За наш столик присаживается Гузель. В обществе «поломанных носов» обращают на это внимание. Я подозреваю, что Гузель с ними знакома. А еще мне кажется, что ей со мной не интересно. Поэтому долго не засиживаюсь.
***
– Хорошо отдохнул? – вежливо спрашивает майор Урсуляк, озвучивший когда-то незадачливому солдатику оригинальную, наверняка собственную, мысль: «Моя дочка собирает цветы, а ты окурки» Я вместо объяснений прикладываю к отпускному документу, отмеченному в казанской комендатуре, свидетельство о смерти.
***
Узнаю, что полковник Талалаев написал нашему генералу хороший отзыв об экипаже радиостанции и рекомендовал всех поощрить отпуском. Но я свой отпуск уже отгулял. И вообще, мне через полгода и так домой.
Выписал я в читальном зале «Куклу» Болеслава Прусса и по выходным беру ее. В такие часы я возвращаюсь в прерванную юность, и мои мысли неизменно переключаются на белокурую девушку по имени Гузель, у которой фигура позволяет носить джинсы. Библиотекарша, блондинка с пышным рыжим снопом волос, тоже носит джинсы и со спины напоминает мне Гузель. Известно, что у этой эффектной дамы есть муж, можно сказать орел, и мы с Леней, вопреки желанию, стараемся не смотреть ей вслед. А вот старший лейтенант, приписанный по комсомольской линии к штабу дивизии, где мы с Леней по очереди иногда несем службу, не комплексует. Этот статный раскрепощенный офицер, с лица вылитый Пал Палыч Знаменский, обратил как-то, проморгав присутствие супруга, на ее грандиозный зад внимание сослуживцев: «Какая попа! Жаль, мужики, что я не армянин…»

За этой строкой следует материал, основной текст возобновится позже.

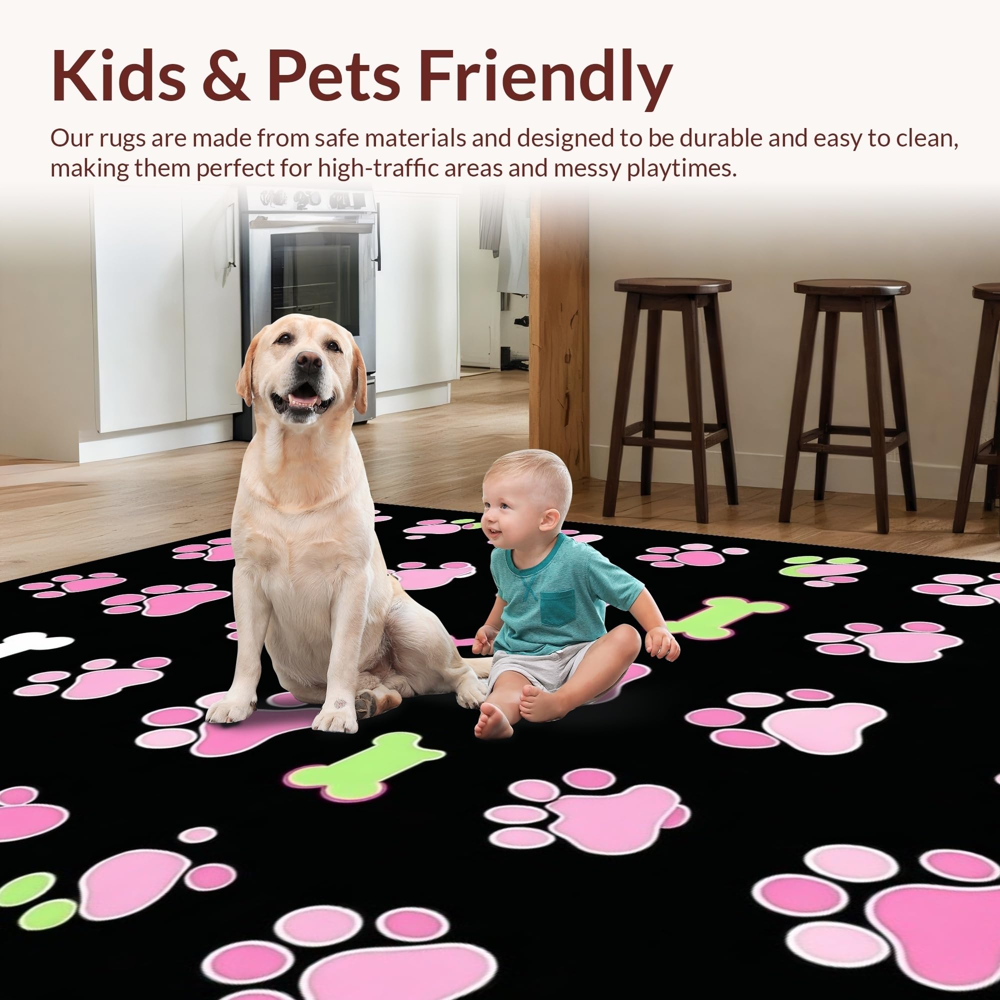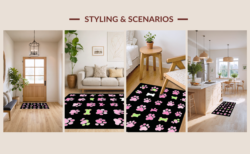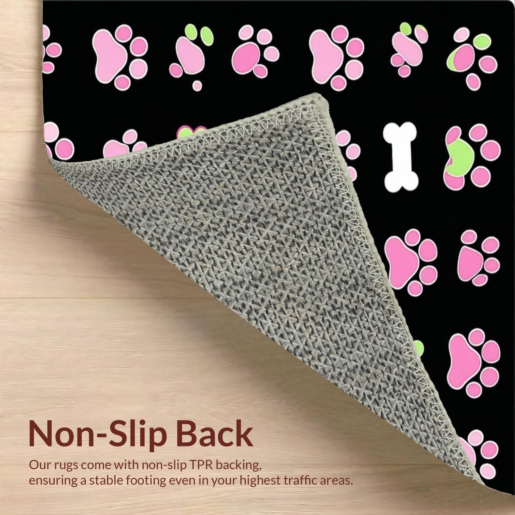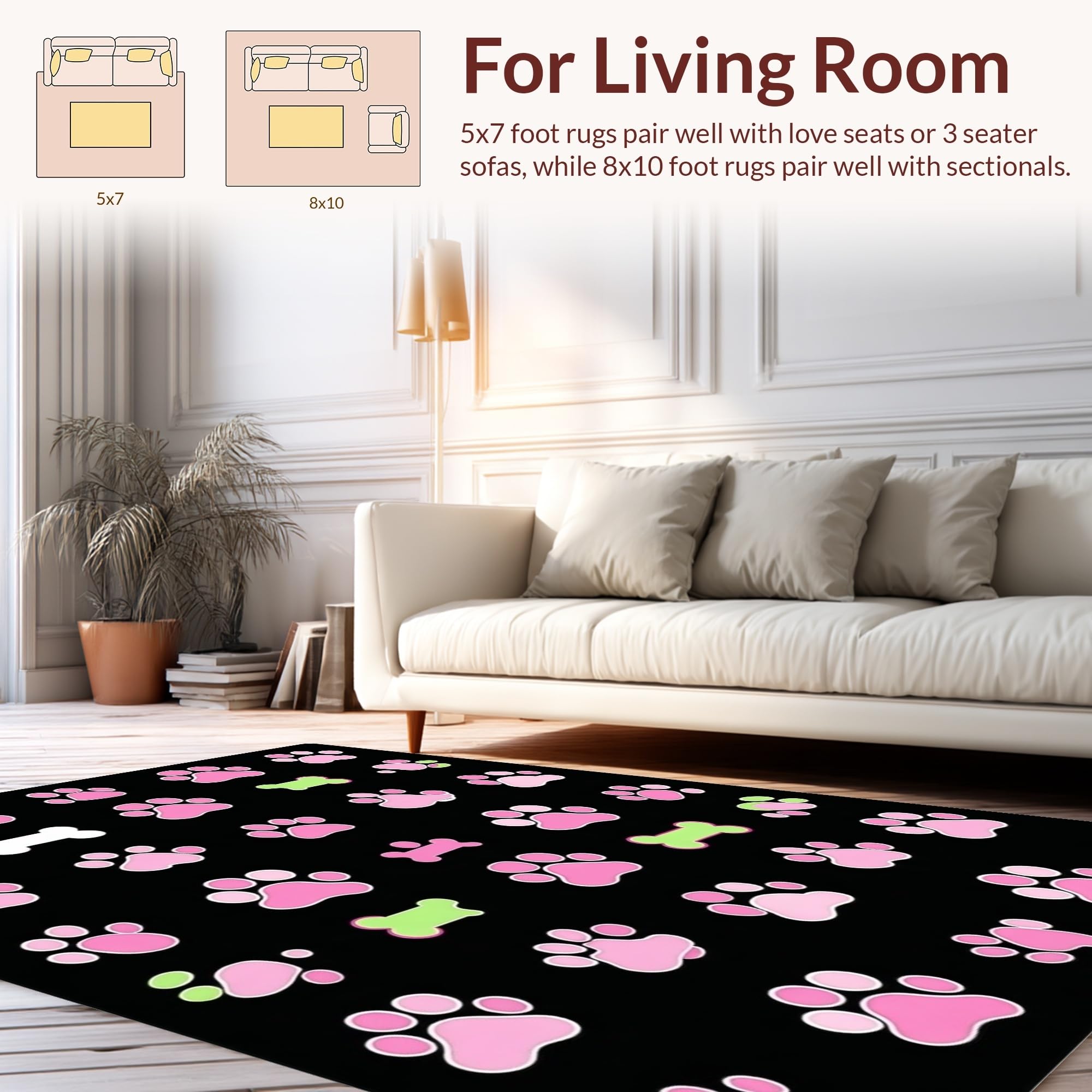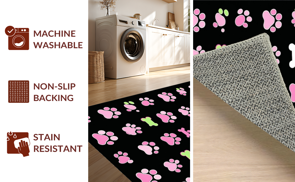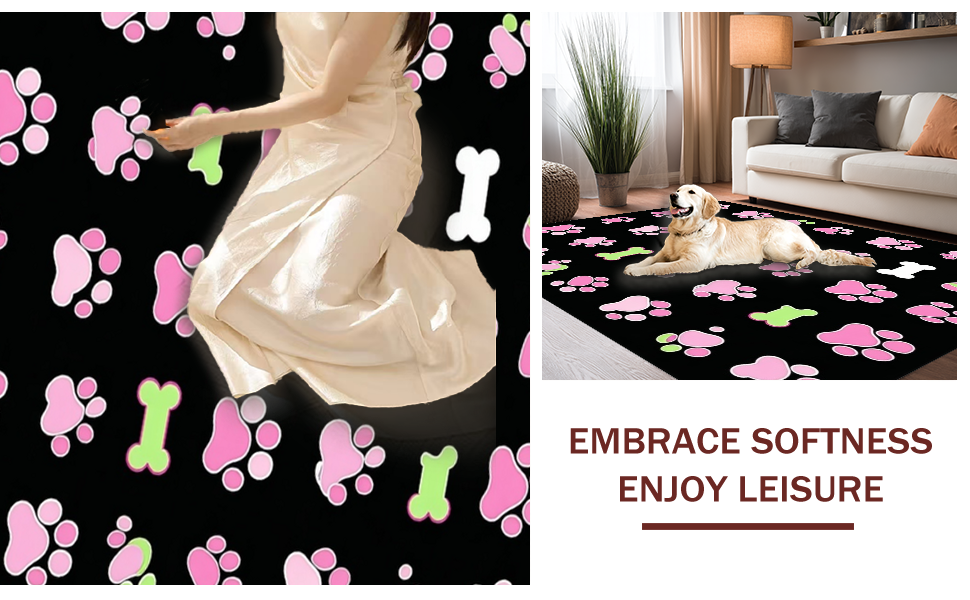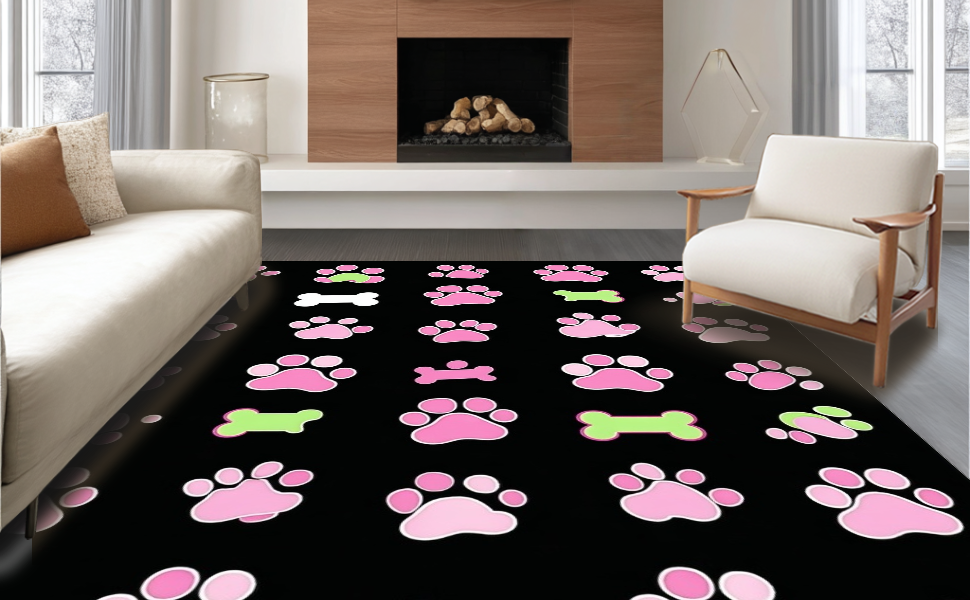 Ultra Soft Area Rug, Non Slip, Stain Resistant, Washable Area Rugs for Living Room, Bedroom, Lively Flannel Pet Print Design(Pink) Overview:

– Ахманчик, ты дембель, что ли? – удивленно таращит глазки-бусинки прапорщик Караев.
– А, что не похоже, елдаш прапорщик?
– Нет... – оглядывает меня с ног до головы Караев. – Ремень не болтается, не ушит...
– В галифе яйца не жмут...
Караев улыбается. Для него, человека, не отягощенного сложными материями, такой ответ в самый раз.
***
– Ахманчик, ты хочешь домой? – подходит ко мне двухгодичник Погосян, месяцем ранее заступивший на должность «комсомольца».
– Когда?
– Прямо сейчас. Мне нужно человека на стройку в Уренгой отправить.

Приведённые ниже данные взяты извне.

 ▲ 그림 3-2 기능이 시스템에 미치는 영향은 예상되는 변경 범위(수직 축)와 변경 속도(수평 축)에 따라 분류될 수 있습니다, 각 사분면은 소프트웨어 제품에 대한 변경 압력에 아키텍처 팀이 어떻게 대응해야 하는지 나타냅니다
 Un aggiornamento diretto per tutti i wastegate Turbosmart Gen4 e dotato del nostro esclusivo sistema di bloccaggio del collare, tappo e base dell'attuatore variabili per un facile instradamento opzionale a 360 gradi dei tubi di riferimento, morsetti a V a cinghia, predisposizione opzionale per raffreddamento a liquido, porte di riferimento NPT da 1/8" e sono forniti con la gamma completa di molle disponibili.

От неожиданности я теряю дар речи.
– Не ссы, я довезу тебя до Баку и там отпущу.
Я еще не верю в то, что совсем скоро покину солнечный Азербайджан, но все равно бегу в каптерку, отыскиваю свой парадный мундир, без всякой неуставной чепухи, чищу сапоги.
Погосян свое слово держит – уже через час я получаю у «Сундука» сухой паек.
– Урсуляк сказал, что ты на особый отдел работал, – с завистью говорит татарин.
– Он всегда чепуху несет.
В Баку, конечно же, дуют ветры. В кафе играет ритмичная музыка. Я останавливаюсь: за стеклом танцуют яркие девушки в трико. «Широко шагает Азербайджан!..»
***
Солнечным утром восьмого дня мая я уже прогуливаюсь босиком по огороду, любуясь, как чем-то невероятно дорогим, всего-навсего первыми пробившимися из земли сорняками.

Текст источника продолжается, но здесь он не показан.